Yes. @Stranger_On_A_Train has given several scathing treatises on this statistical reality in prior rocketry threads though my search efforts came to naught.
Recalling I’m at the ops end, not the design end. I’d say “Yes, but …”.
The challenge as I see it is the entire vehicle system is very complex. There are always undocumented (or even unrecognized) interdependencies in addition to the 10s of thousands of documented interdependencies. However holistic and fully understood the original design process is, it’s highly likely that any significant later modification will be pursued less holistically and be less well understood.
The certification of the 737 MAX was a case in point. Things were proposed to be changed and the first order effects of the proposed changes were thoroughly analyzed. But they didn’t dig deep enough to discover that the changes were invalidating design assumptions in 3rd-order effects inherent to safety. And then to boot they further tweaked the proposed changes in a later round of refinement without revisiting the first-order effects thoroughly enough to realize they’d invalidated those design assumptions too. Significant harm ensued, both to blood and to treasure.
Conceptually similar issues of lesser impact have surfaced in the KC-46 and the 777X efforts. And most probably have done so as well in other company’s products; this isn’t a Boeing-only phenomenon. Boeing’s issues have just been the ones recently well-exposed from investigations with public reports of findings.
The underlying point is that the engineering effort to be sure you’re not opening a can of worms is probably bigger than the payoff to be had from post-hoc apparently minor tweaks like exploiting stronger-than-expected behavior. Whether in ops procedures, or in factory fabrication, or in maintenance.
That’s not to say that learning and in-service experience aren’t invaluable or don’t inform procedures and limits going forward. They certainly do. But it’s pretty incremental around the edges. A common example being that they assume some part will wear enough to need to be replaced at, say, 1,000 hour intervals. After replacing a lot of them and analyzing the removed parts the engineering folks discover the removed components are still nearly unworn. So they can soundly step the replacement interval out a little. But not a lot at any one bite. Lather rinse repeat.

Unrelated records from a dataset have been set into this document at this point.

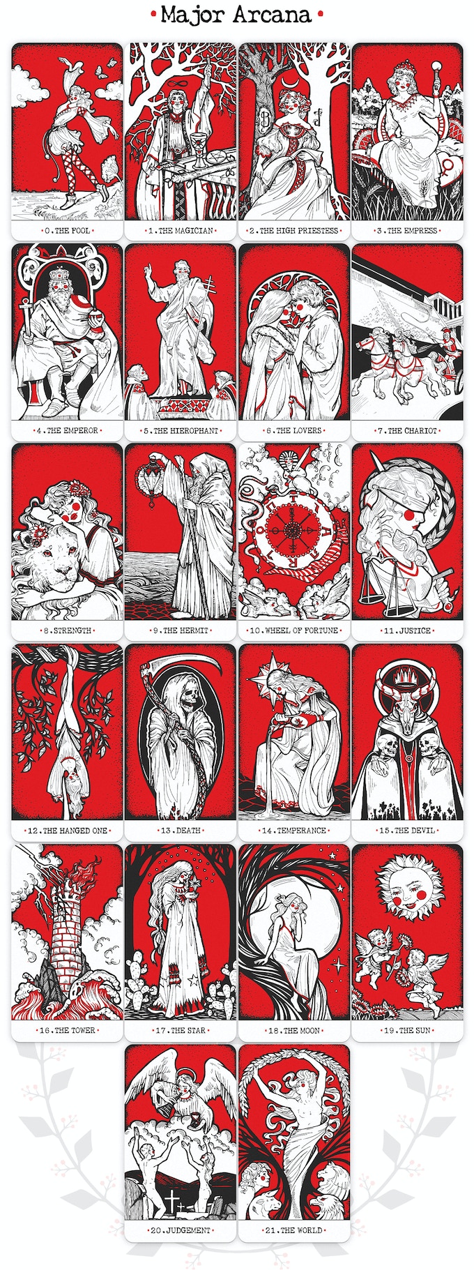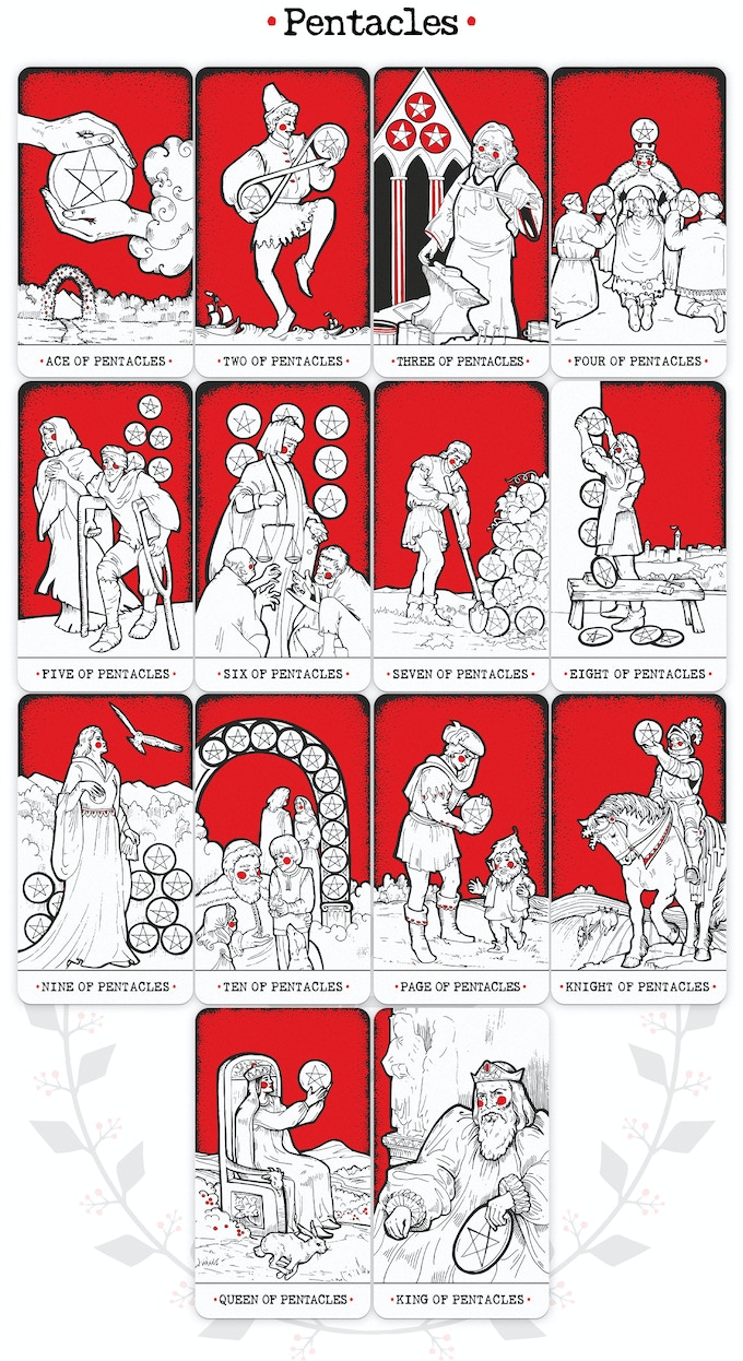 The Minor Arcana are made more concisely, while the Major Arcana are more detailed. The author believes that the most important is the person, especially the facial expression, so the personages are given a more detailed representation, whereas the landscapes are schematic.
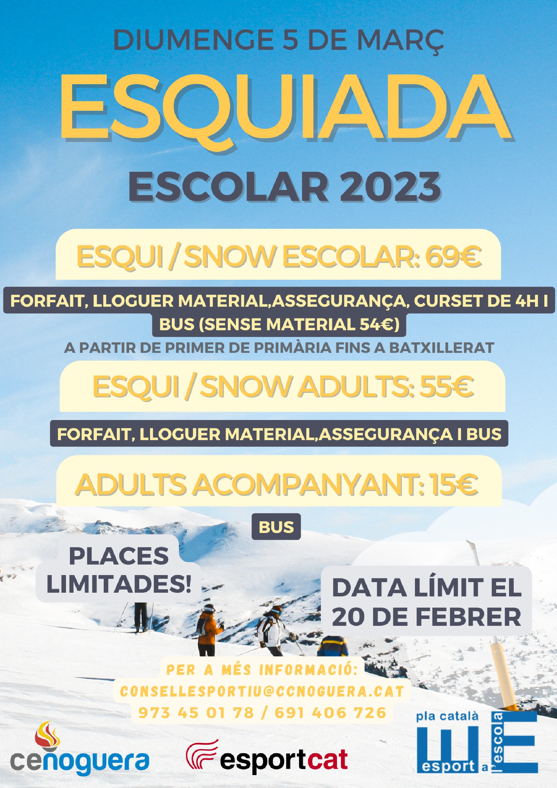 El Consell Esportiu de la Noguera obre les inscripcions per a l'Esquiada Escolar, que tindrà lloc el diumenge 5 de març a Port Ainé. S'adreça a infants de 1r de primària i fins a batxillerat i s'hi poden apuntar també adults acompanyants
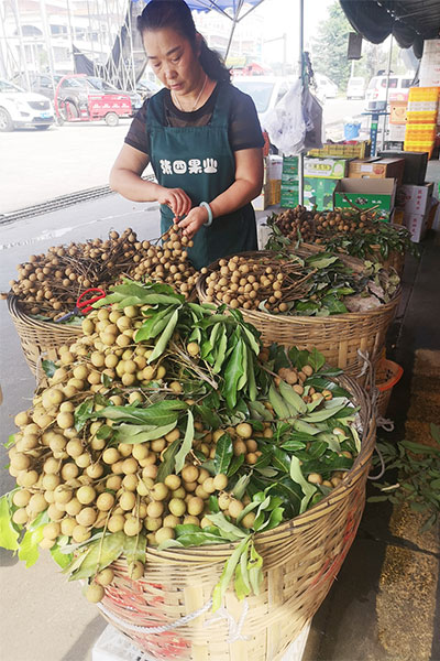 目前正值桂圆上市的时节,西南商贸城水果批发市场的张胜均每天凌晨三四点就要到门店,因为来自叙永、赤水等市内外的下游商家会前来拿货。通过他们,新鲜的泸州桂圆当天就能出现在当地的市场上。

But everyone needs to be mindful that the entire rest of the system has been benefitting from those unworn parts. IOW we don’t actually have in-service experience with the rest of the system while running partly worn parts as we designed it to; we’ve only got in-service experience with anomalously under-worn parts. But we’re about to begin gathering experience with worn-as-designed parts if the change interval extension is approved.
The classic is example is discovering that your filters aren’t filling with debris as rapidly as you thought so you decide to run them longer. But now more debris is circulating in the system and you begin to see pump or valve failures you hadn’t seen before. Turns out the filters were over-designed and the pumps/valves were under-designed for the actual debris load. The filters had been compensating for the pumps/valves, so the shortfall was masked in practice. Until it wasn’t.
In a sound bite: If you find one link in a chain is stronger than expected, that says nothing about the whole chain.
It’s possible in principle (though perhaps not in practice) to chase all the known unknown rabbit holes to the bitter end. It’s the unknown unknowns that still lurk.
Maybe smarter to leave well enough alone and just enjoy the enhanced reliability over expectations.